Shinnecock Bay gets Hope Spot designation for work done to restore it
Last Friday, atop a bluff over Shinnecock Bay, Danielle Hopson Begunprocessed the season’s first kelp harvest as part of a program to help return the vital waterway to its pristine past after centuries of exploitation and development.
Hopson Begun, a member of the Shinnecock Kelp Farmers and the Shinnecock Indian Nation, said the harvest — 10 lines of ribbonlike kelp around 100-feet long — had only minor complications, requiring more maintenance than expected after some of the kelp was overcome by slip-gut, a “goopy brown algae.”
The dried and processed kelp will be used as a soil amendment for gardens, including by the Sisters of St. Joseph, which have donated space for the six Shinnecock women to use for the project. Profits have been elusive, but no matter, said Hopson Begun, because “cleaning up the bay is really the only reason we’re doing this,” she said.
Work by conservationists and academia to restore the wildly diverse Shinnecock Bay helped the waterway receive the recent honor of being named one of the world’s Hope Spots by an international ocean conservation group known as Mission Blue.
The group, in announcing the designation, said it was a recognition of Shinnecock Bay’s “substantial ecological, scenic, touristic, economic, spiritual and cultural significance.”
It was also a recognition of Stony Brook University’s Shinnecock Bay Restoration Program, which “creates and populates clam sanctuaries, constructs oyster reefs and reseeds sea grass beds” to help restore the bay, with open ocean access through Shinnecock Inlet, to something more approximating its pre-colonial status, when the Shinnecock tribe was its primary steward.

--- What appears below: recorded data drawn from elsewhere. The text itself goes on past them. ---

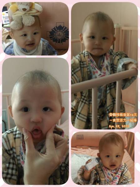 骨髓移植後第14天~食慾活力ㄧ級棒 今天病房終於被安排住進另外一位等待六月要移植的孩子來輸血,所以順便跟他媽咪分享移植經驗,但是為了保護寶貝,我全程都用簾子隔著病床,不讓人輕易靠近她,心中還是有點擔心寶貝的免疫力尚未恢復,醫生看來是比我們更不緊張,身為父母只能為孩子謹慎再謹慎,畢竟走到這一部真的不容易,我們一定要健康平安回家。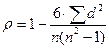 Ранг - это порядковый номер, присеваемый каждому индивидуальному значению х и у (отдельно) в ранжированном ряду. Оба признака необходимо ранжировать в одном и том же порядке: от меньших значений к большим и наоборот. Если встречается несколько одинаковых значений признака, то каждому из них присваивается ранг, равный частному от деления суммы рангов (мест в ряду), приходящихся на эти значения, на число равных значений. Коэффициент корреляции рангов Спирмена: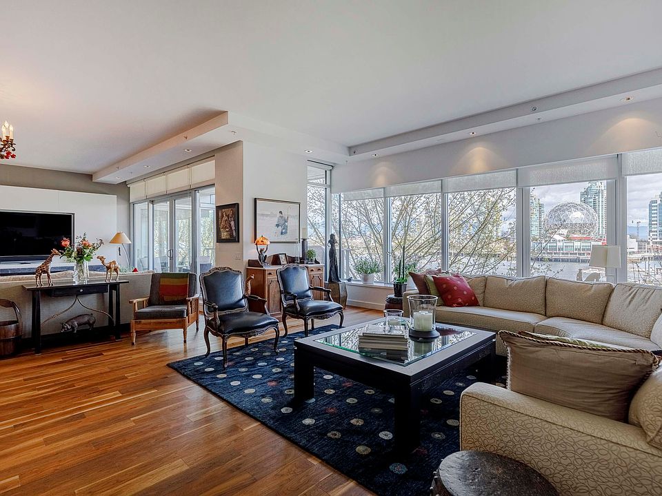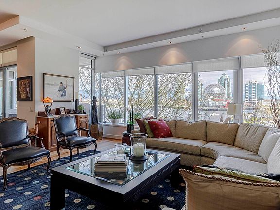Come home to Canada House! An EXCEPTIONAL WATERFRONT opportunity at OLYMPIC VILLAGE. Views to Science World, ocean and mountains complete this extremely private home. Canada House was inspired by Arthur Erickson, an elegant marriage of glass, steel, water and stone. The living space in this 2 bed plus large den, 2.5 bath residence are luminous and modern with top of the line finishes. Large bedrooms and a gorgeous open living, dining kitchen area with contemporary built-ins and up-grades. Owners have added a built-in modern office in the den that could serve as an extra sleeping space for guests. Private 2 car GARAGE with large storage locker, 24-hour concierge, library, lounge and gym complete this iconic residence. Access to Gold club POOL and countless amenities included.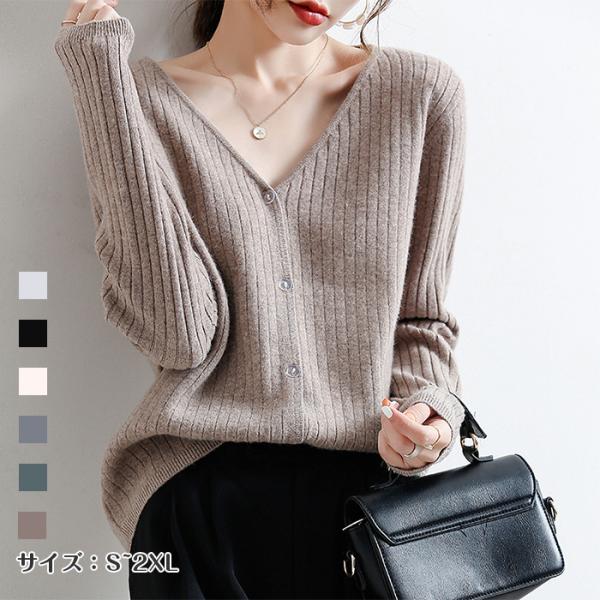 トップス レディース リブニット カーディガン ニット 長袖 セーター 春 秋 冬 羽織 シンプル
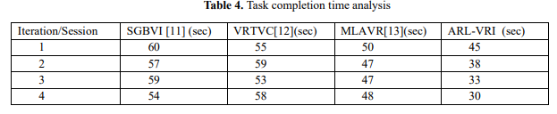 Table 4 compares task completion times across iterations for ARL-VRI, SGBVI, VRTVC, and MLAVR. ARL-VRI greatly improves by the reinforcement learning mechanism: time decreases from 45 seconds in Iteration 1 to 30 seconds in Iteration 4βa 33% reduction. Other methods have slower improvements: SGBVI by 10%, VRTVC by 12.7%, and MLAVR by 16%. It highlights how ARLVRI is better adaptive and efficient in completing tasks faster and improving usability through iterative learning.
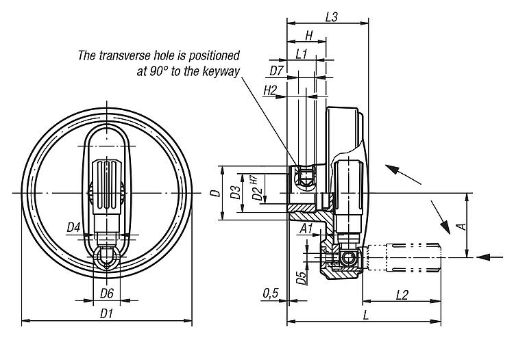 The handwheels can be secured using a transverse pin or by parallel key connection together with a DIN 6912 socket head screw and a DIN 7349 washer.Two actions must be made to bring the cylindrical safety grip into an operating position: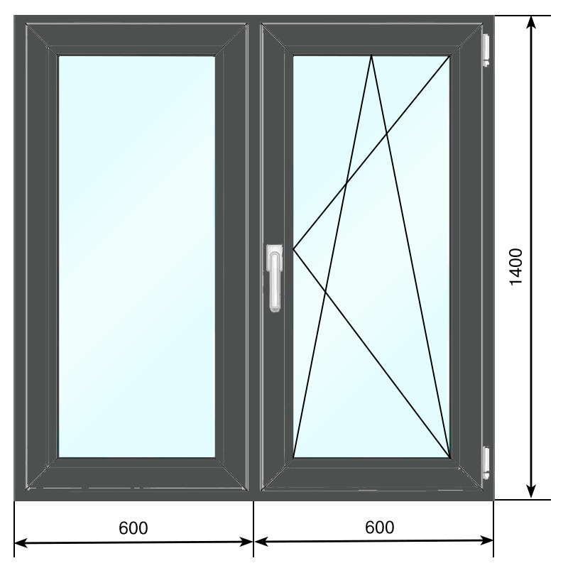 Антрацит,Окно ПВХ 1200*1400, поворотно-откидное, двухстворчатое, двухкамерный стеклопакет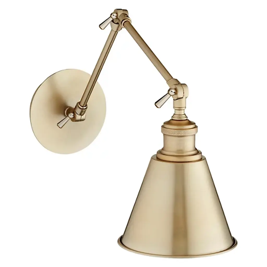 Nothing says multi-directional lighting more than the swing-arm design. Accentuate the versatility of your home with the shifting transitional personality of the Metal Wall Sconce from Quorum International. It’s a piece oozing with charm, striking a pose with the tightening of its lovely accented joints. A cone lamp shade neatly conceals its bulb; its direction can be aimed down at a surface below or shifted up in a regal pose. Turn it on an instantly notice your room feel more cohesive as its light highlights furnishings or brings forth a sumptuous ambient glow.

Mission Blue’s founder, Sylvia Earle, cited Shinnecock Bay’s proximity to a major metropolitan area and work by Stony Brook’s School of Marine and Atmospheric Sciences, which nominated the waterway for the designation.
“While New York conjures up visions of skyscrapers and crowded streets, it is a great ocean state with a significant coastline, a rich maritime heritage and growing opportunities to view ocean wildlife from the shores and in the water,” Earle said in a statement.
“Shinnecock Bay is arguably the healthiest bay in New York State, and our work demonstrates that people can reverse the damage done through nature-based, scientifically guided restoration,” said Ellen Pikitch, the endowed professor of ocean conservation science at Stony Brook and director of the Institute for Ocean Conservation Science.
Shinnecock Bay consists of 9,000 acres of open water, salt marshes, intertidal flats and sea grass beds, and the Shinnecock Bay Restoration Program has worked to restore it by stocking it with more than 3.5 million hard clams and building oyster reefs. Establishment of so-called spawner sanctuaries on the bay over the past decade has increased hard-clam harvests by more than 1,000%, Stony Brook said.